Securing Coding Agents: Sandboxes, Guardrails, and Real-World Attacks – Dan Ndombe

Dan Ndombe is from docker and he was there to talk about docker sandboxes. Providing a secure enviornment is defintiely a very important aspect of agentic workflows and workload. you are giving agent autonomy to drive, but there must be guardrails and safety net. This is simliar to my talk at the 2026 Backgorund agent summit where i spoke of using Ona a envionrment for agents to run background implemntation.

Docker sandbox are MicroVM-isolated environments. By using a hardware-level hypervisor, each agent gets its own dedicated Linux kernel. This is in contrast to regualr dockerc aontiners, which share the host’s kernel, a “jailbroken” agent could
theoretically escape to the host machine via a kernel exploit.

Features Dan highlighted include:
- Hypervisor Isolation: Each sandbox runs in a lightweight MicroVM (using Apple Hypervisor, Windows WHP, or KVM),
  isolating the agent from the host processes entirely.
- Network Guardrails: All egress is routed through a proxy that enforces strict domain allow-lists, preventing agents
  from exfiltrating secrets.
- Private Docker Daemons: The sandboxes include their own private Docker engine, allowing agents to run docker build
  or docker compose (Docker-in-Docker) without needing dangerous “privileged” access to the host
I was most interested in the egress proxy. For long-running tasks and agents operating ‘in the wild,’ preventing the agent from having direct access to secrets stored in environment variables or accessible files is going to be extremely relevant and important

Dan Ndombe’s core message provided a powerful summary of the “Agent Boss” era: “An AI agent is only as safe as we want it to be.” It isn’t about taking away the agent’s tools, but about ensuring those tools are used within a secure, kernel-level boundary that the human ‘Boss’ controls.

From One-Shot to Agentic: Optimizing Shop Intelligence with DSPy – Kshetrajna Raghavan

Kshetrajna Raghavan, a Principal Engineer at Shopify, delivered what I found to be the best case study for scaling agents in production.
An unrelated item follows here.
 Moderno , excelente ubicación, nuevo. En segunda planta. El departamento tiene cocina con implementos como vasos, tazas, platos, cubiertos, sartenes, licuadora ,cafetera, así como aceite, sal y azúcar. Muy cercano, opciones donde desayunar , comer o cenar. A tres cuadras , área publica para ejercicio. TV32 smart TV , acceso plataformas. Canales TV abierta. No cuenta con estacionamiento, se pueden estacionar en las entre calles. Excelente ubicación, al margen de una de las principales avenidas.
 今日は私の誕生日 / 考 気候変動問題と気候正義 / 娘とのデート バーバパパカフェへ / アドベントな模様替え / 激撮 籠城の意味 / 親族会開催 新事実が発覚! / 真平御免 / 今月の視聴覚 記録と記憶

He shared the journey of “Shop Intelligence”—Shopify’s system for extracting structured data from millions of highly customized, non-standard merchant stores.

His talk perfectly illustrated a lession that I have learnt and applying at work: Being an Agent Boss requires intense pragmatism.
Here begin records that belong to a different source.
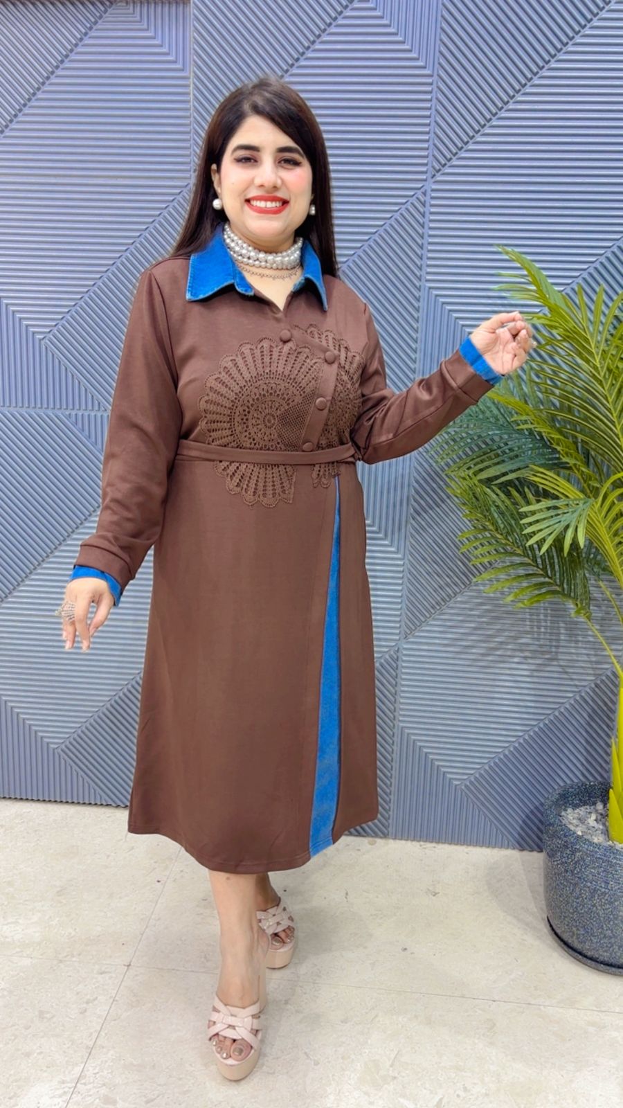 This BEAUTIFUL FULL SLEEVS DRESS WITH ATTACHED BELT (LENGTH: 43) Approx is perfect for the season . The DRESS beautifully to create a versatile and stylish outfit. your WINTER wardrobe with this luxurious addition, adding a touch of sparkle and charm to any occasion. ( DELIVERY DAYS WITHIN: 10-12 DAYS)
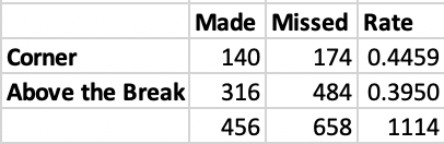 Immediately, we see that there is no effect, but we can test for the effect to be complete in our analysis. The associated t-test is 0.012 (.99 p-value) and the effect size is effectively zero. This indicates that, at a high level, shot location (corner vs. above the break) really is not much of a factor when it comes to wide open three point attempts.
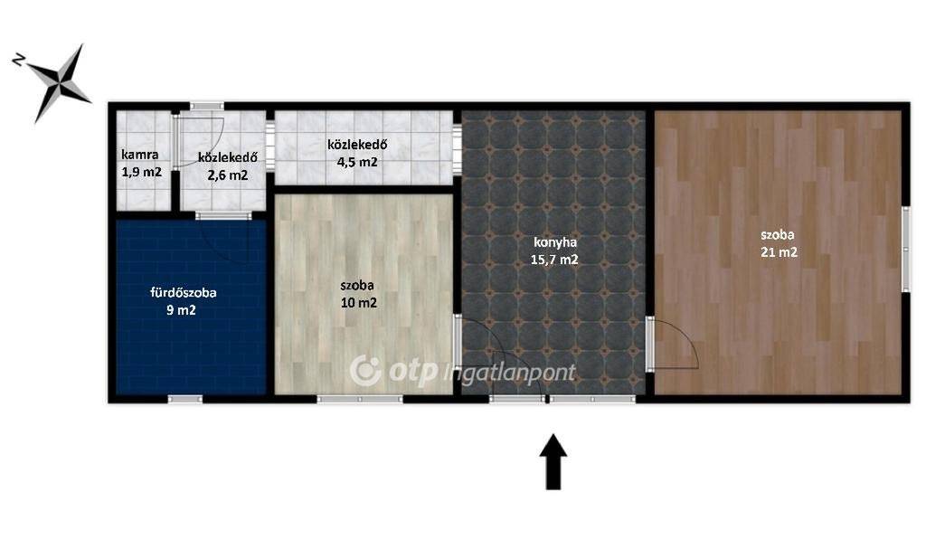 Az épület elosztása két szoba, konyha-étkező, közlekedők, kamra, és fürdőszoba.
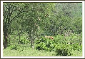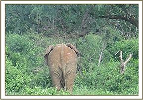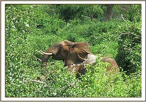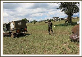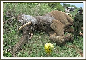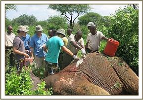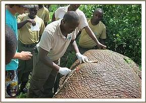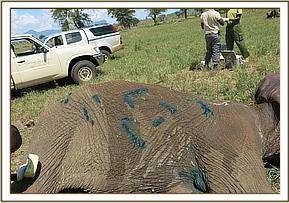 Immobilization was achieved using 18mg of Etorphine Hydrogenchloride in a 3ml Dan inject dart. Darting was carried out from a vehicle, despite the thick vegetation. The elephant was immobile after 12 minutes.Due to the high ambient temperature, the elephant was doused with plenty of water and Opticlox ointment was applied to the eyes to prevent drying. The ears were used as blind folds and a piece of stick was placed in the opening of the trunk to keep it open.
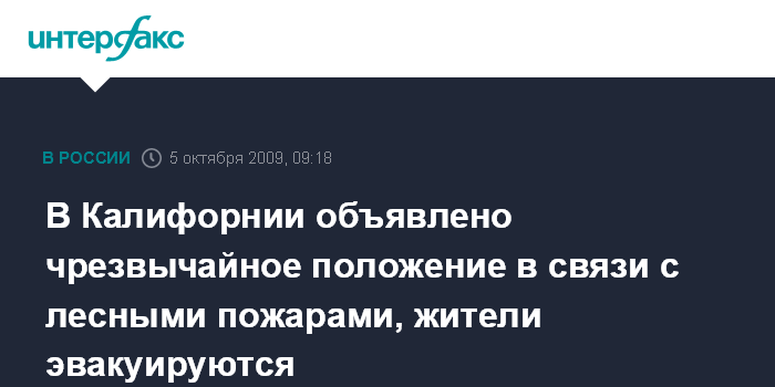 Москва. 5 октября. INTERFAX.RU - Губернатор американского штата Калифорния Арнольд Шварценеггер объявил о введении режима чрезвычайного положения в округе Сан-Бернардино в связи с быстрым распространением лесных пожаров, сообщает телекомпания Си-Эн-Эн.

Given enough attempts, compute, and liberty, an advanced AI could probably solve the majority of the technical issues
we face. But at what cost? If a task costs more to execute than the value it generates, it ceases to be a practical solution. Are we building Lamborghinis to do the job of a tow truck?
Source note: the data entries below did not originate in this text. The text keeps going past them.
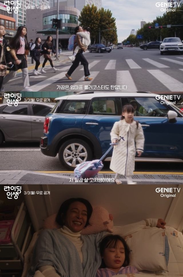 오는 3월 3일 공개되는 지니 TV 오리지널 드라마 '라이딩 인생'은 딸의 '7세 고시'를 앞둔 열혈 워킹맘 정은이 엄마 지아에게 학원 라이딩을 맡기며 벌어지는 3대 모녀의 '애'태우는 대치동 라이프를 그린 드라마다.
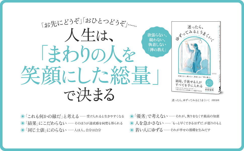 「早く」「もっと」から一歩引いて、「ゆるく」「楽に」生きる――。禅の教えを指針として、ゆとりある人生を歩むためのヒントが満載の本書。人間関係や仕事、勉強など、行き詰まりを感じたときに、ぜひ手に取ってみてください。「ゆずる」という選択肢が、多くの読者の方の人生を好転させるに違いありません。
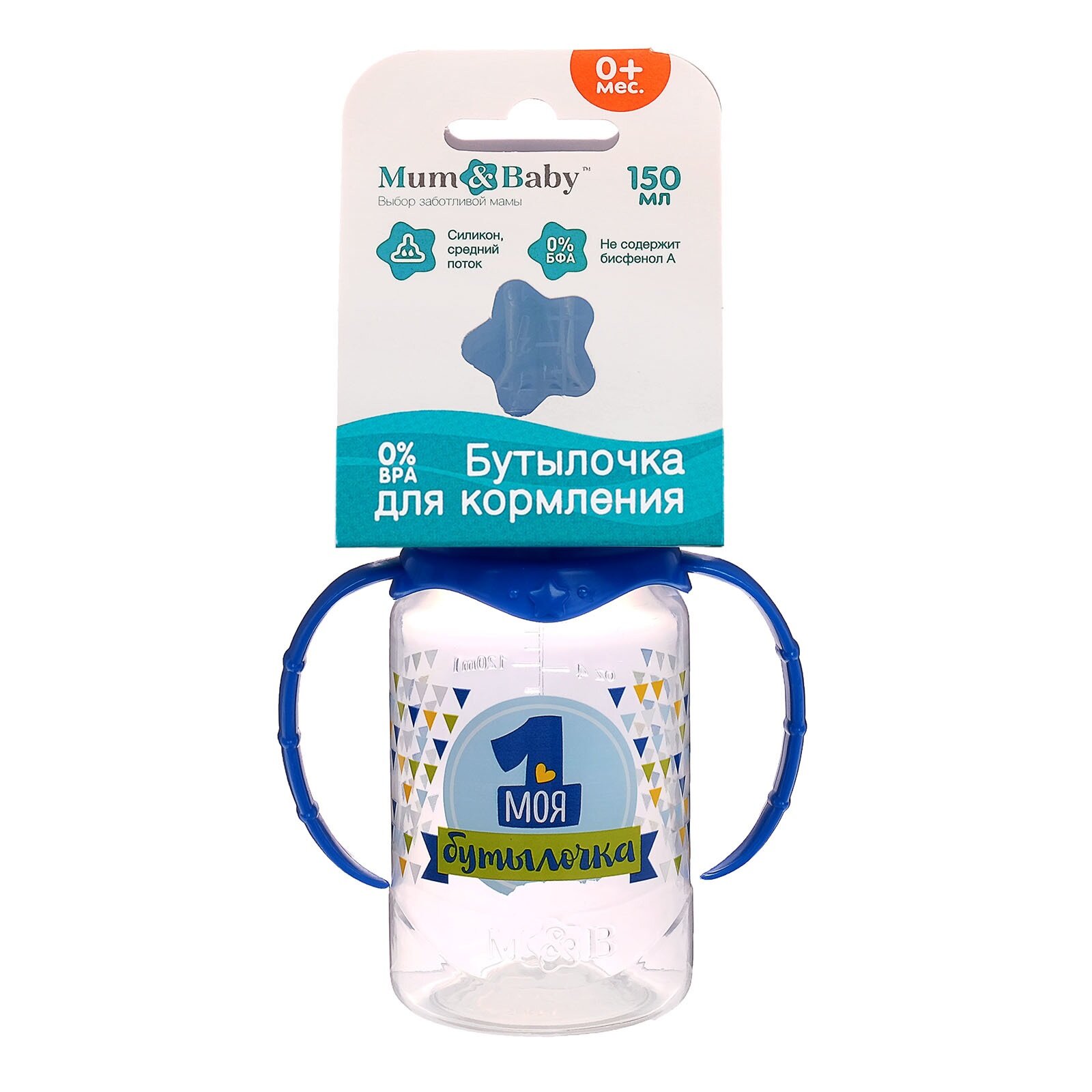 Бутылочка для кормления M&B "Моя первая бутылочка" с ручками, классическое горло, от 0 мес, 150 мл, синий
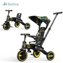 巴巴泥儿童三轮车溜娃神器1-3-6岁手推车遛娃可折叠脚踏车宝宝轻便小孩脚蹬多功能 SL-168蒙特黄
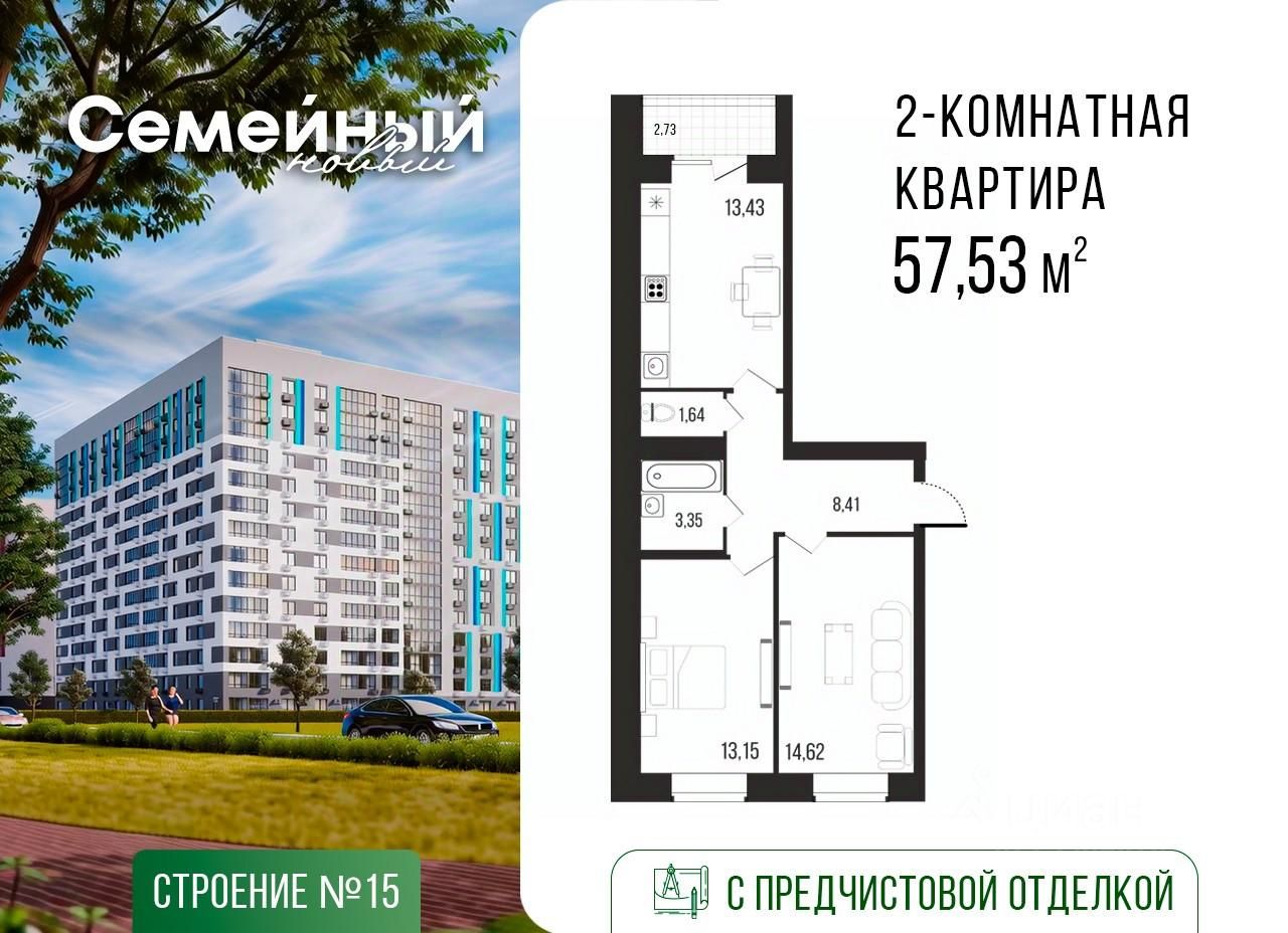 Общая площадь57,53 м2

Image from https://cleantechnica.com/2023/12/24/texas-dps-is-less-amused-with-the-model-y-superheavy-than-we-are/

Shopify’s journey highlighted this exact tension:
1. The “One-Shot” Wall
  Initially, Shopify used single, large API calls to OpenAI models to analyze store content. While this worked for
  simple cases, it was unsustainable. Not only was the cost of processing millions of stores astronomical, but a single
  prompt couldn’t handle the messy reality of diverse store layouts.
2. Moving to the ReAct Loop
  The first major shift was moving from a static “blob” of text to an autonomous agent using a ReAct (Reasoning and
  Action) loop. Instead of guessing based on a single snapshot, the agent could explore the store—deciding which pages
  to visit and which data points were missing.
3. The Swarm of Sub-Agents
  To manage the complexity of exploration, they broke the “do-it-all” agent into a swarm of specialized sub-agents. One
  agent might focus on brand identity, while another focuses on product categorization. This modularity doubled their
  precision, but relying on third-party APIs for this many distinct agent interactions was still prohibitively
  expensive.
4. Self-Hosting and Compiling with DSPy
  The final, most impressive step was using DSPy to programmatically optimize the entire pipeline so they could bring it
  in-house. Instead of manually tuning prompts for OpenAI, they treated their workflows as code that could be compiled
  against specific metrics. This optimization allowed them to move away from third-party APIs entirely. By spinning up their own H100 clusters and
  leveraging self-hosted Qwen models, the economics of the system fundamentally changed. The results were incredible:
- 75x Cost Reduction: The combination of an optimized agentic architecture and self-hosted models drove the cost down
  by a factor of 75, while actually improving data quality.
- Universal Coverage: This efficiency allowed Shopify to scale the system to analyze every single store on the
  platform, something that would have been financially impossible on a per-token API model.
Raghavan’s core message was that “architecture compounds.”
Success didn’t come from a single breakthrough, but from the steady evolution from one-shot API calls to a self-hosted swarm of sub-agents, all programmatically optimized for the real world.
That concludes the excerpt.